Reputation: 5291
I have been trying to get trigrams with elasticsearch tokenizers. I have followed tutorials at http://www.elasticsearch.org/guide/en/elasticsearch/reference/current/analysis-ngram-tokenizer.html and http://blog.qbox.io/multi-field-partial-word-autocomplete-in-elasticsearch-using-ngrams
Following these docs and testing the analyzer with
curl 'localhost:9200/test/_analyze?pretty=1&analyzer=my_ngram_analyzer' -d 'FC Schalke 04'
produces nGrams like # FC, Sc, Sch, ch, cha, ha, hal, al, alk, lk, lke, ke, 04
While what I want is whole word trigrams
for example trigrams for the quick red fox jumps over the lazy brown dog
would be.
the quick red
quick red fox
red fox jumps
fox jumps over
jumps over the
over the lazy
the lazy brown
lazy brown dog
In a nutshell how can I create trgrams like above using elasticsearch
Upvotes: 2
Views: 3678
Reputation: 5291
Found it. Answer lies in the shingle filter.

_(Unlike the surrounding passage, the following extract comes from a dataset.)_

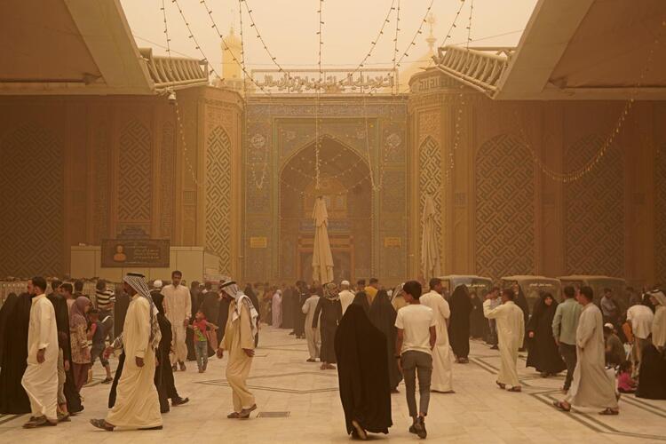Iraqis visit the Imam Ali shrine during a sandstorm in Iraq's holy city of Najaf on May 5, 2022. Iraq is yet again covered in a thick sheet of orange as it suffers the latest in a series of dust storms that have become increasingly common. Iraq was hammered by a series of such storms in April, grounding flights and leaving dozens hospitalized with respiratory problems. (Photo by Qassem al-KAABI / AFP)
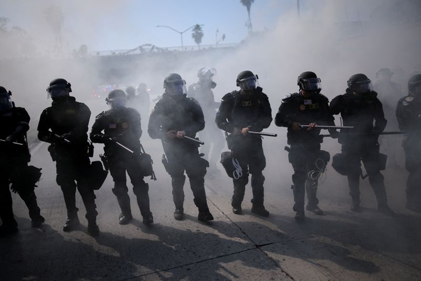 تصاویر و ویدئوهای منتشرشده نشان میدهند که معترضان شعار «شرم بر شما» را خطاب به نیروهای پلیس سر دادهاند و برخی نیز به سوی آنها اشیایی پرتاب کردهاند. همچنین گروهی از معترضان بزرگراه ۱۰۱ در مرکز لسآنجلس را مسدود کردند.

This mapping made it work
{
"settings": {
"analysis": {
"filter": {
"nGram_filter": {
"type": "shingle",
"max_shingle_size": 3,
"min_shingle_size": 3,
output_unigrams:false
}
},
"analyzer": {
"nGram_analyzer": {
"type": "custom",
"tokenizer": "whitespace",
"filter": [
"lowercase",
"asciifolding",
"nGram_filter"
]
},
"whitespace_analyzer": {
"type": "custom",
"tokenizer": "whitespace",
"filter": [
"lowercase",
"asciifolding"
]
}
}
}
}
}
Here key attributes are type->shingle and min/max shingle sizes.
Upvotes: 3